Peach Crumble With Fresh Herbs
Last weekend my greengrocer on ulitsa Tsar Ivan Asen II had perfectly juicy and sweet peaches, probably the last ones for this year, that seemed to be just made for a nice cake. Searching the internet for a recipe I came across a recipe with rosemary, almost exactly what I was looking for.

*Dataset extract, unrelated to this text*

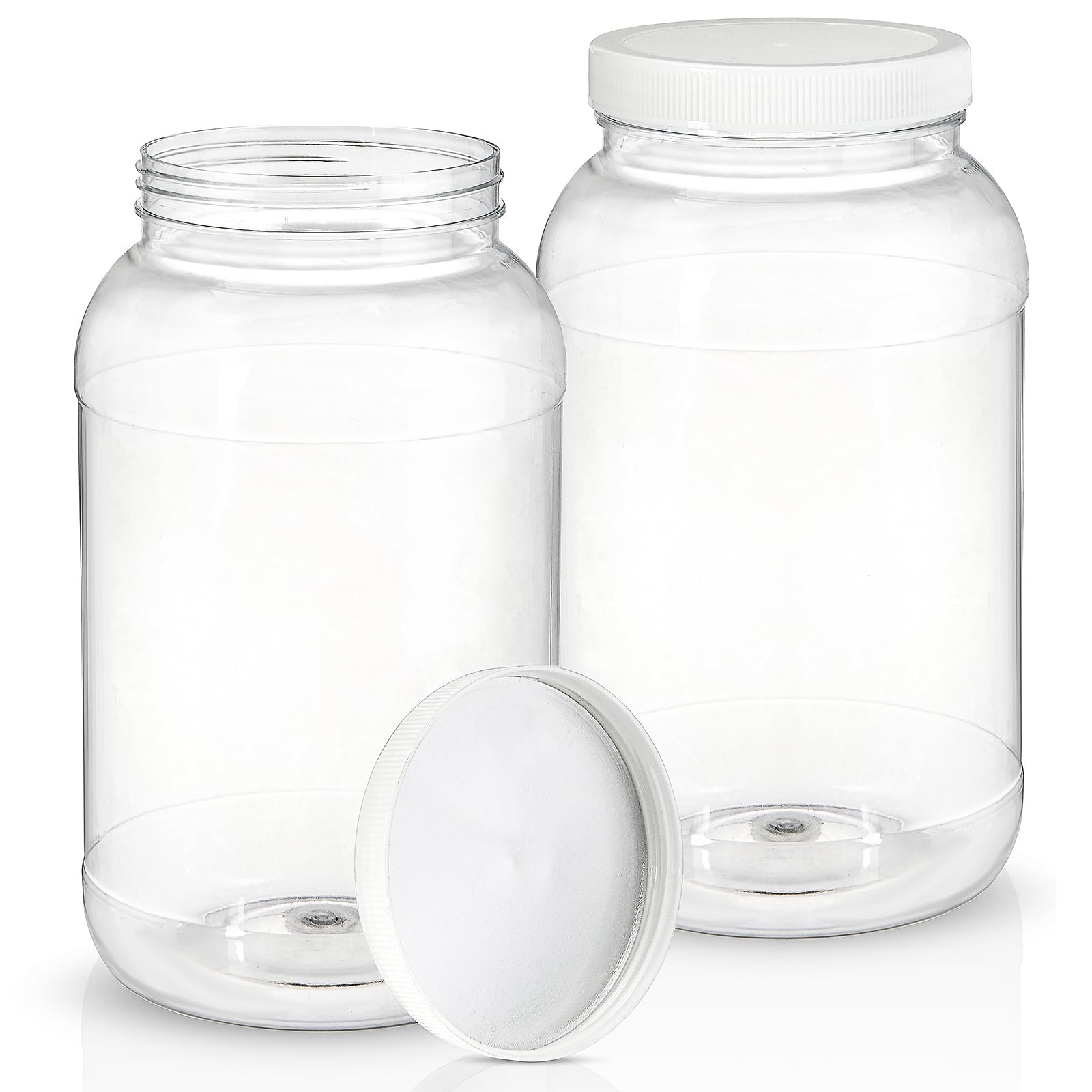 The 1/2 Gallon 64 oz PET Jar shares the same classic look as glass jar. The large, round body gives you plenty of space for a creative label and to showcase your product.

My version has a stronger herbal aspect with the addition of lemon thyme. Apart from that I used twice the quantity of fruits and a little less sugar. And, of course, the vanillin had to vanish from the ingredient list.
Ingredients
Crumble
- 150 g flour
- 4 level tsp finely chopped rosemary
- 4 level tsp finely chopped lemon thyme
- 125 g cold butter
- 100 g sugar
- 1 pinch salt
- grated peel of 2 untreated lemons
Fruit
- 1 kg ripe peaches (or apricots or prunes)
- 3 EL salty caramel syrup
Batter Cake
- 125 g warm butter
- 100 g sugar
- 1 organic vanilla bean
- 3 eggs size L (ca. 65 g an egg)
- 250 g flour
- 5 g baking powder
- 1 pinch salt
- a little butter (or the butter wrapping)
- 3 tbsp breadcrumbs
Topping
- two twigs rosemary
- fleur de sel
Preparation
Prepares in 30 minutes plus 70 minutes baking time
- Strip the rosemary needles and the lemon thyme leaves off the stems and finely chop them to about 4 level teaspoons each.
- Wash two untreated lemons and grate the peel.
- Mix the grated lemon peel with the finely chopped herbs, 100 g sugar, 150 g flour and a pinch salt. Add 125 g cold butter cut in cubes.
- Knead everything with a mixer until no more large lumps of butter are visible. Transfer to the fridge.
- Bring water to boil in a sufficiently large pot and boil the peaches for about a minute. Peel the peaches and cut them in slices.
- Fold in 3 tablespoons salty caramel syrop and let the peaches rest.
- Preheat the oven to 175 °C.
- Wash one organic vanilla bean with hot water, dry and finely chop it.Vanilla bean, not scraped out but finely chopped for a change
- Beat 125 g soft butter with 100 g sugar and the finely chopped vanilla bean until foamy. Beat in three eggs one by one and add a pinch of salt.
- Squeeze out the two lemons. Mix 250 g flour with 5 g baking powder.
- Sieve the flour with the baking powder into the dough, stirring constantly. From time to time add lemon juice until used up.Preparation of the cake batter
- Lightly grease a baking form Ø 26 cm with a little butter. Spread 3 tsp bread crumbs and shake off the excess.
- Spread the cake butter into the baking form. Cover with the peach slices.
- Get the crumble base from the fridge. Put your hands into ice-cold water, dry them, and form crumbles and spread them over the peaches. Cut a twig of rosemary into smaller pieces and press them lightly into the crumbles.
- Bake the cake in the pre-heated oven for about 70 minutes at 175 °C without air fan. Cool and serve with fresh rosemary and just a little bit of fleur de sel.
The fleur de sel does not contribute to optics but intensifies the crunchy feel of the fresh crumbles and combines it with a little explosion of flavors in the mouth. If you think that not all eaters at the table are sufficiently adventurous for this experiment, serve it separately. Do not distribute it over the whole cake unless it is eaten right away. It will quickly melt and ruin the cake.
Chop a vanilla bean? Aren't you supposed to scrape out the seeds only? Why not? Whenever you read "refined with bourbon vanilla" in the supermarket, it normally means "refined with a previously scraped out and then finely chopped vanilla bean". If the food industry can do it, you can do it, too. But better use organic vanilla beans for it! And for something like panna cotta I would certainly stick with the conventional method of scraping out the seeds.
And, by the way, all crumbles taste best fresh, even luke-warm. The crumbles soften over night which is not so much a problem with the taste but will kill the crunchy feel in the mouth.
Lemon thyme grows all over the country in Bulgaria and is therefore easy to find. But you can safely go with other types of thyme, although you may want to use a little less so that the rosemary still dominates. Do not use dried herbs! The cake gets its kick by the essential oils of the rosemary and thyme. Dried herbs are - in the best case - unnoticeable, but may also give a rather ordinary and stale taste to the cake.